The methodological quality of the included studies was assessed using Cochrane’s revised risk of bias tool for randomized trials (RoB 2.0) (15). This evaluation covered various aspects including the randomization process, deviations from intended interventions, missing outcome data, outcome measurement, and the selection of reported result areas. Each evaluation module consists of several signal questions, with possible responses being: Y (yes), PY (probably yes), PN (probably no), N (no), and NI (no information). Risk of bias was assessed independently by two reviewers, who discussed their findings in case of disagreement to come to aconsensus. We do not provide further guidance as to the certainty of the evidence (e.g., using any kind of grading), but provide descriptive statistics of the individual and overall risk of bias together with meta-analytic estimates.

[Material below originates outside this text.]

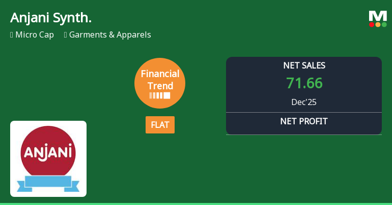2026-02-16 08:00:25Anjani Synthetics Ltd, a player in the Garments & Apparels sector, has reported a flat financial performance for the quarter ended December 2025, marking a notable shift from its previously positive growth trajectory. Despite a robust 24.85% growth in net sales over the last six months, the company’s overall financial trend has softened, reflecting margin pressures and a challenging market environment.

Statistical methods and data synthesis

First, the authors used RevMan5.4 software to analyze the publication bias of the literature. Second, for the direct comparison results, the authors used Stata17.0 software for data merging, statistical analysis and meta-analysis. In Stata17.0, the meta package was used to perform meta-analysis. The relevant commands were executed to analyze data with both fixed-effect and random-effects models. The meta package provided functionalities for computing heterogeneity statistics, generating forest plots, and creating funnel plots. For meta-regression analysis to explore sources of heterogeneity, the metareg package was utilized with specific covariates. The analysis involved using these packages to compare different interventions and to map network meta-analysis results with random-effects model data. Significance was determined using P < 0.05 and 95% confidence intervals (95% CIs). For efficacy analysis, odds ratios (OR) were used for count data, while measurement data employed either the weighted mean difference or the standardized mean difference (mean difference, MD). Each effect size was reported with a 95% CI (16).

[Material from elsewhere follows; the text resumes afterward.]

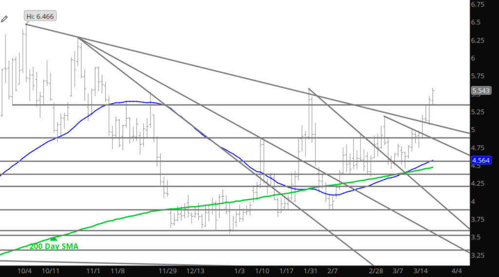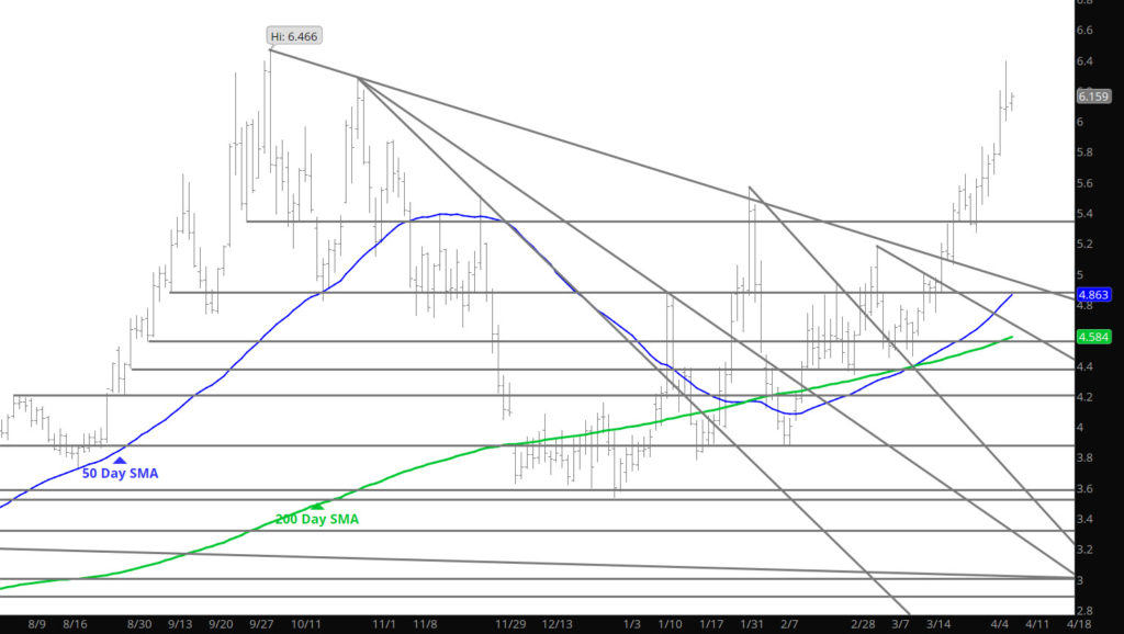 For a Sunday night, price action was subdued. Wrote about the tendencies of intra-month movements recently in the Weekly section and would advise a read. Daily movement may support some additional gains but they are likely to be shallow versus last months gains on various days. This are between $5.70 and $6.00 needs some probing by the bulls, while any decline back below $5.40 will find buyers. April may turn into a range bound month as the market further defines summer injections and the impact from the war.

Assessment of heterogeneity

The heterogeneity was graded using I2 according to the recommendations of the Cochrane Handbook (17). Cochrane’s Q test was used to detect whether there was a significant difference in effect sizes between studies. The Q statistic followed a chi-squared distribution, and the P-value was used to determine the significance of heterogeneity. If the P-value was significant (typically < 0.05), it indicated substantial heterogeneity. The I²index statistic represented the percentage of total variation due to heterogeneity. The I²index ranged from 0% to 100%, with higher values indicating greater heterogeneity. Generally, 0% to 25% suggested low heterogeneity, 25% to 50% indicated moderate heterogeneity, 50% to 75% indicated substantial heterogeneity, and 75% to 100% indicated considerable heterogeneity.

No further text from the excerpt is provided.